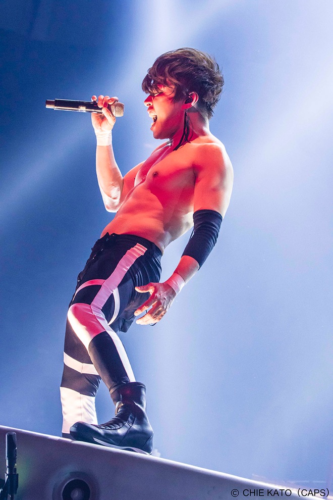 オープニングナンバーは、デビュー曲の「独裁 -monopolize-」。続いて、「LEVEL 4」「HIGH PRESSURE」「WHITE BREATH」「HOT LIMIT」といった大ヒット曲を序盤から惜しみなく畳み掛け、観客のボルテージを一気に引き上げる。
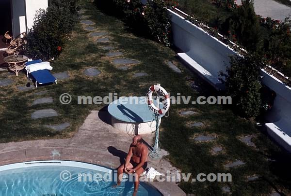 vermutlich 1975. Spanien. Kanarische Inseln. Gran Canaria. Mann am Swimmingpool
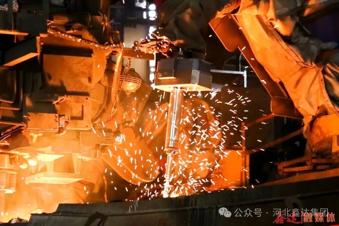 在智能制造的時代浪潮中,鑫達敢為人先,工業環網與5G專網無縫銜接,構建起“8+2+1”智能制造體系,實現全流程數據互聯與業務協同,徹底打破數據孤島與業務壁壘,讓生產效率與運營效能實現質的飛躍。車間內,14 臺智能機械手臂精準作業,10余套智能自動化系統平穩運行,無人連鑄平臺應用兩臺機器人同時更換長水口實現行業全球首例,彰顯鑫達在智能制造領域的強勁實力。
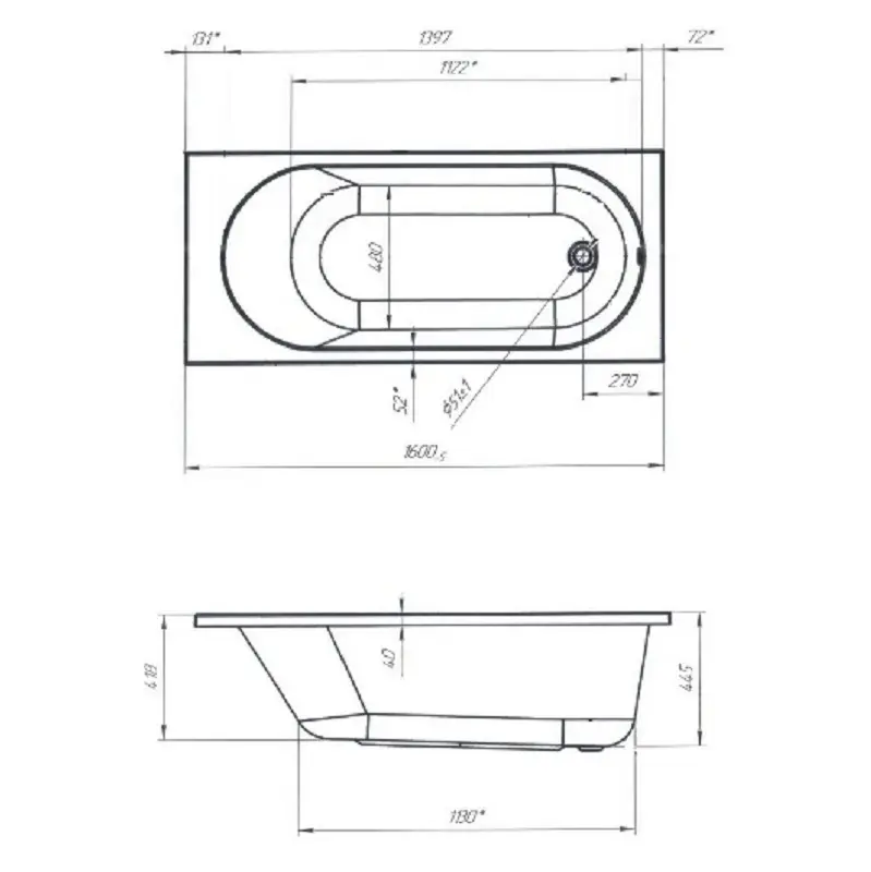 Данный товар: Ванна акриловая 1MarKa Atlas 160х70 Белый 01атл1670
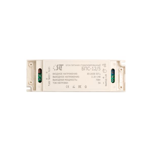 Блок питания стабилизированный SLT (Блок питания стабилизированный, предназначен для питания радиоэлектронных устройств широкого применения напряжением 12 В постоянного тока от сети переменного тока напряжением 220 В. Напряжение выходное номинальное 11.8 - 14.0В. 5А; Диапазон напряжения 85-265В; 50Гц. Потребляемая мощность по сети 220В - не более 88Вт. Выходная мощность не более 70Вт. IP 21. Диапазон рабочих температур -15...+50, Габаритные размеры 140х45х28мм. Масса 0.14кг. Защита от перегрузок по току и короткого замыкания. Регулировка выходного напряжения. Индикатор работы.)
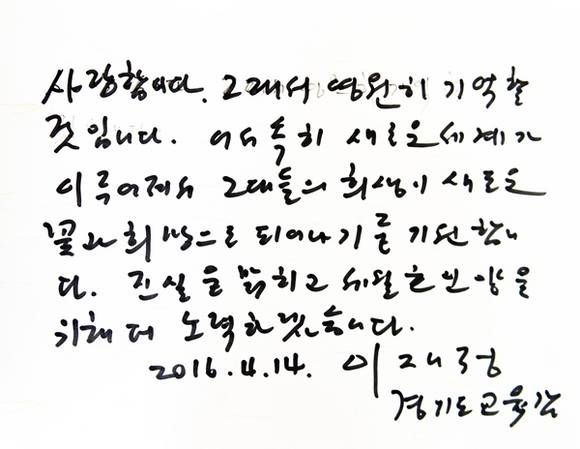 꽃잎이 되고 바람이 되고 저 하늘의 별이 된 사랑하는 250명의 아이들과 존경하는 11분의 선생님을 기억합니다.여러분의 꿈을 여러분의 사랑을 여러분이 남겨놓은 미래를 경기교육을 통해 함께 만들어 가겠습니다.
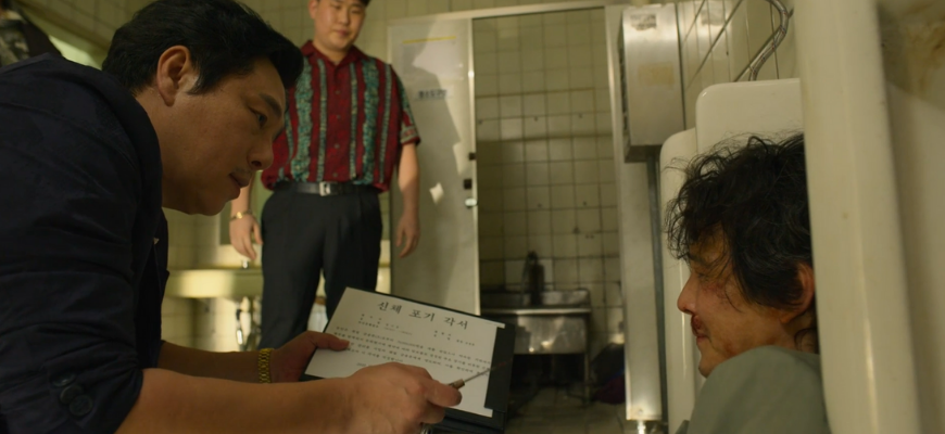 Вербовщик уговаривает Ки Хуна сыграть в игру, которая, по сути, является микрокосмом всего сериала: за каждый проигранный раунд продавец заплатит Ки Хуну 100 долларов. За каждый выигранный раунд он может ударить Ки Хуна по лицу, что он и делает, причем сильно, пока лицо героя не становится красным. Когда Ки Хун наконец побеждает, полученная им сумма меркнет по сравнению с теми болью и унижением, которые он испытывает; это предвещает неизбежный финал сериала. Никакие деньги не смогут компенсировать пытки, которые придется пережить Ки Хуну и остальным.
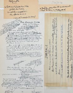4 ff. de notes autographes préparatoires, en feuilles, sous emboîtage de papier glacé crème ([Julie Nadot]).Dossier comprenant 4 ff. de notes préparatoires pour ce roman posthume : Note pour Luc de Capri (passage sur le style), 2 ff. de collages autographes (essais de titres, épigraphe, préface, etc.), ainsi qu'un tapuscrit sur papier pelure de la lettre à Michel Simon qui ouvre l'édition originale.
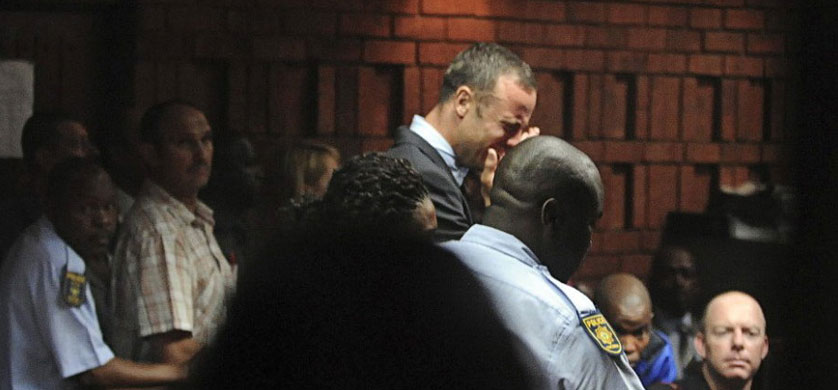 2月15日,南非残奥冠军、“刀锋战士”皮斯托瑞斯(中)泪洒法庭。 2月15日早上不到9点,皮斯托瑞斯在警方的押送下来到南非比勒陀利亚地区法院。[详细]
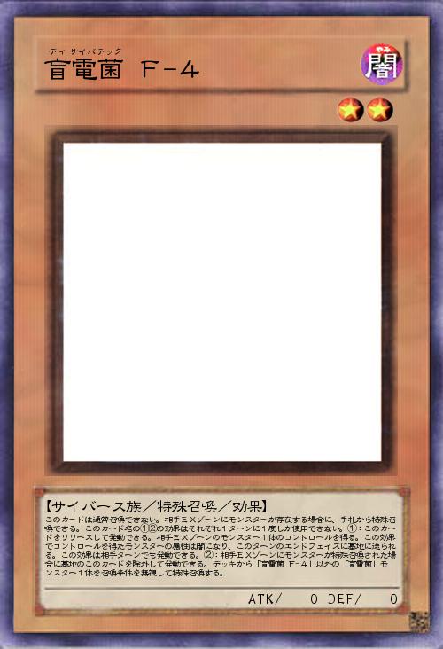 | このカードは通常召喚できない。相手EXゾーンにモンスターが存在する場合に、手札から特殊召喚できる。このカード名の①②の効果はそれぞれ1ターンに1度しか使用できない。①:このカードをリリースして発動できる。相手EXゾーンのモンスター1体のコントロールを得る。この効果でコントロールを得たモンスターの属性は闇になり、このターンのエンドフェイズに墓地に送られる。この効果は相手ターンでも発動できる。②:相手EXゾーンにモンスターが特殊召喚された場合に墓地のこのカードを除外して発動できる。デッキから「盲電菌 F-4」以外の「盲電菌」モンスター1体を召喚条件を無視して特殊召喚する。 | |||
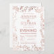 Elegant, modern, and chic faux rose gold and trendy white floral hand drawn pattern, evening wedding reception invitations. This classic and sophisticated design is perfect for the trendy and stylish marrying couple. Personalise with your own message on the front as well as a customised monogram initial on the back. All photo print design.
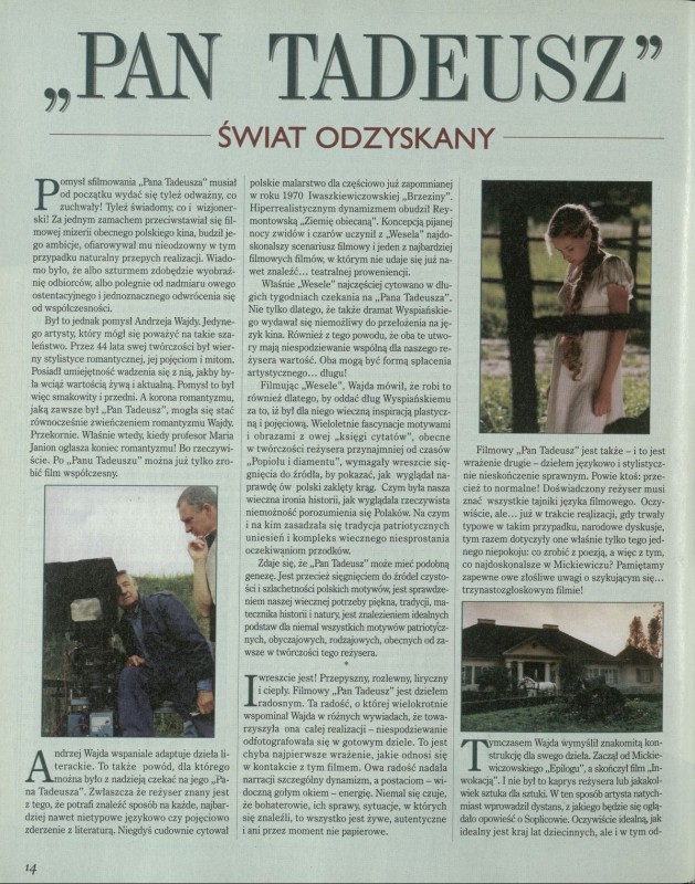 Archiwum / Artykuł nr 2835 (28/1999) 28/2096 Podziel się Tytuł „Pan Tadeusz” świat odzyskany Autor Maria Malatyńska Kategoria Artykuł Artykuł z numeru 2835 (2836/1999) Data wydania 24 października 1999 Tagi Wajda

********************

Above is the material; set down exactly its lines from the one containing "Блок питания стабилизированный SLT" down to the one containing "F-4」以外の「盲電菌」モンスター1体を召喚条件を無視して特殊召喚する。 | |||", both included, leaving out any pictures.

 Блок питания стабилизированный SLT (Блок питания стабилизированный, предназначен для питания радиоэлектронных устройств широкого применения напряжением 12 В постоянного тока от сети переменного тока напряжением 220 В. Напряжение выходное номинальное 11.8 - 14.0В. 5А; Диапазон напряжения 85-265В; 50Гц. Потребляемая мощность по сети 220В - не более 88Вт. Выходная мощность не более 70Вт. IP 21. Диапазон рабочих температур -15...+50, Габаритные размеры 140х45х28мм. Масса 0.14кг. Защита от перегрузок по току и короткого замыкания. Регулировка выходного напряжения. Индикатор работы.)
 꽃잎이 되고 바람이 되고 저 하늘의 별이 된 사랑하는 250명의 아이들과 존경하는 11분의 선생님을 기억합니다.여러분의 꿈을 여러분의 사랑을 여러분이 남겨놓은 미래를 경기교육을 통해 함께 만들어 가겠습니다.
 Вербовщик уговаривает Ки Хуна сыграть в игру, которая, по сути, является микрокосмом всего сериала: за каждый проигранный раунд продавец заплатит Ки Хуну 100 долларов. За каждый выигранный раунд он может ударить Ки Хуна по лицу, что он и делает, причем сильно, пока лицо героя не становится красным. Когда Ки Хун наконец побеждает, полученная им сумма меркнет по сравнению с теми болью и унижением, которые он испытывает; это предвещает неизбежный финал сериала. Никакие деньги не смогут компенсировать пытки, которые придется пережить Ки Хуну и остальным.
4 ff. de notes autographes préparatoires, en feuilles, sous emboîtage de papier glacé crème ([Julie Nadot]).Dossier comprenant 4 ff. de notes préparatoires pour ce roman posthume : Note pour Luc de Capri (passage sur le style), 2 ff. de collages autographes (essais de titres, épigraphe, préface, etc.), ainsi qu'un tapuscrit sur papier pelure de la lettre à Michel Simon qui ouvre l'édition originale.
 2月15日,南非残奥冠军、“刀锋战士”皮斯托瑞斯(中)泪洒法庭。 2月15日早上不到9点,皮斯托瑞斯在警方的押送下来到南非比勒陀利亚地区法院。[详细]
 | このカードは通常召喚できない。相手EXゾーンにモンスターが存在する場合に、手札から特殊召喚できる。このカード名の①②の効果はそれぞれ1ターンに1度しか使用できない。①:このカードをリリースして発動できる。相手EXゾーンのモンスター1体のコントロールを得る。この効果でコントロールを得たモンスターの属性は闇になり、このターンのエンドフェイズに墓地に送られる。この効果は相手ターンでも発動できる。②:相手EXゾーンにモンスターが特殊召喚された場合に墓地のこのカードを除外して発動できる。デッキから「盲電菌 F-4」以外の「盲電菌」モンスター1体を召喚条件を無視して特殊召喚する。 | |||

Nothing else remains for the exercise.